Task prompt. Exclude all pictures, then write out exactly the lines below from the first one through the line with "Riding the Gargellener".

Collected data:

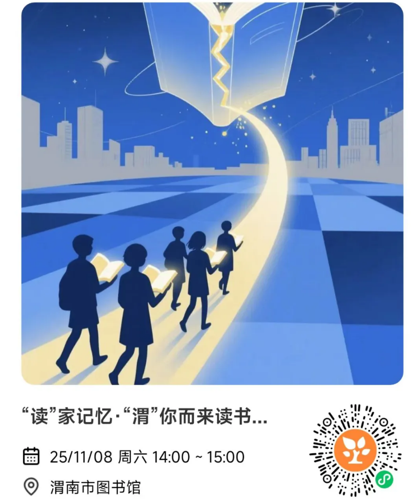 为响应全民阅读号召,构建书香社会,打破成人读者群体的“孤读”状态,让阅读从私人体验走向公共分享,让不同的灵魂在书籍的桥梁上相遇、碰撞,激发更深层次的阅读兴趣与思考,渭南市图书馆将开展“读”家记忆·“渭”你而来读书分享会,为成年读者打造一个开放、包容、温暖的阅读交流平台。
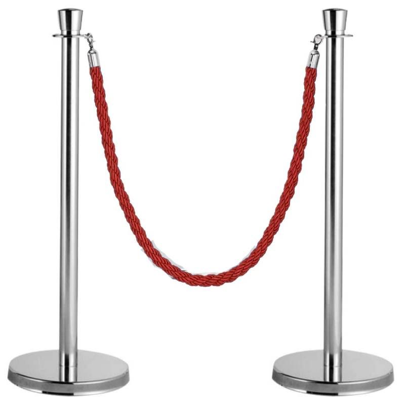 Lot potelets chromes + cordes rouges
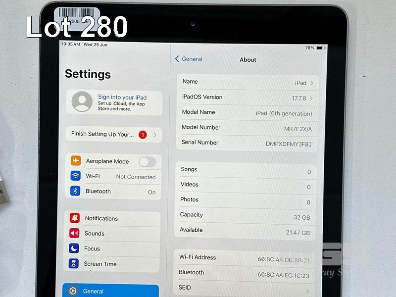 APPLE iPAD 6TH GEN, 32GB, Wi-Fi, SPACE GREY, MODEL MR7F2X/A, A1893 WITH CABLE & CHARGER (NOTE: MINOR SCRATCHES ON SCREEN) S/N:DMPXDFMYJF8J
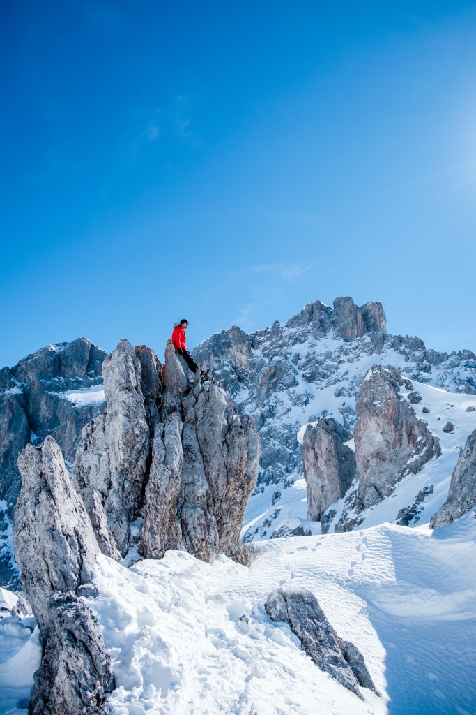 Riding the Gargellener Madrisa was a mission, but we made it with perfect snow conditions. Boot pack up, riding the couloir down 🙂
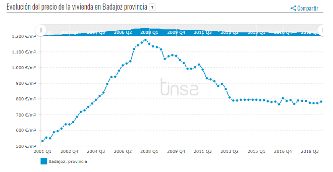 Pour analyser le niveau actuel des prix du logement par rapport à 2001, Tinsa a généré un indice basé sur 1.000 points en 2001. En ce qui concerne cette référence, le prix du logement dans la province de Badajoz pour le deuxième trimestre de 2019 s’élève à 1.409 points.
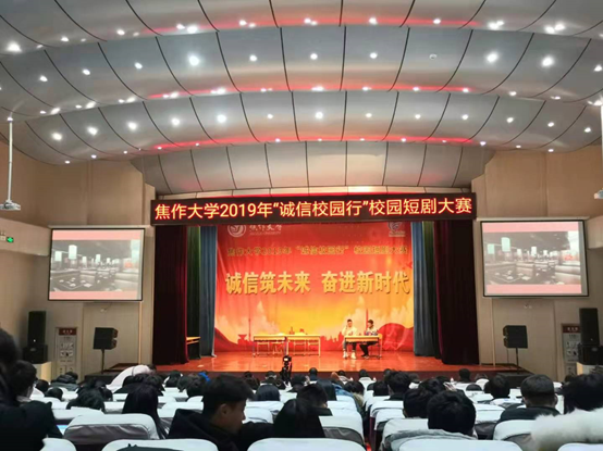 为加强学生资助政策、征信知识和金融基础知识普及宣传教育,培养广大学生诚实守信、知恩感恩、自立自强的良好品质,12月20日下午,由学生处主办的 “诚信校园行”校园短剧大赛决赛在南校区报告厅圆满举行。各学院学工办主任,辅导员老师及300余名学生共同观看了本次比赛。

Result.
 为响应全民阅读号召,构建书香社会,打破成人读者群体的“孤读”状态,让阅读从私人体验走向公共分享,让不同的灵魂在书籍的桥梁上相遇、碰撞,激发更深层次的阅读兴趣与思考,渭南市图书馆将开展“读”家记忆·“渭”你而来读书分享会,为成年读者打造一个开放、包容、温暖的阅读交流平台。
 Lot potelets chromes + cordes rouges
 APPLE iPAD 6TH GEN, 32GB, Wi-Fi, SPACE GREY, MODEL MR7F2X/A, A1893 WITH CABLE & CHARGER (NOTE: MINOR SCRATCHES ON SCREEN) S/N:DMPXDFMYJF8J
 Riding the Gargellener Madrisa was a mission, but we made it with perfect snow conditions. Boot pack up, riding the couloir down 🙂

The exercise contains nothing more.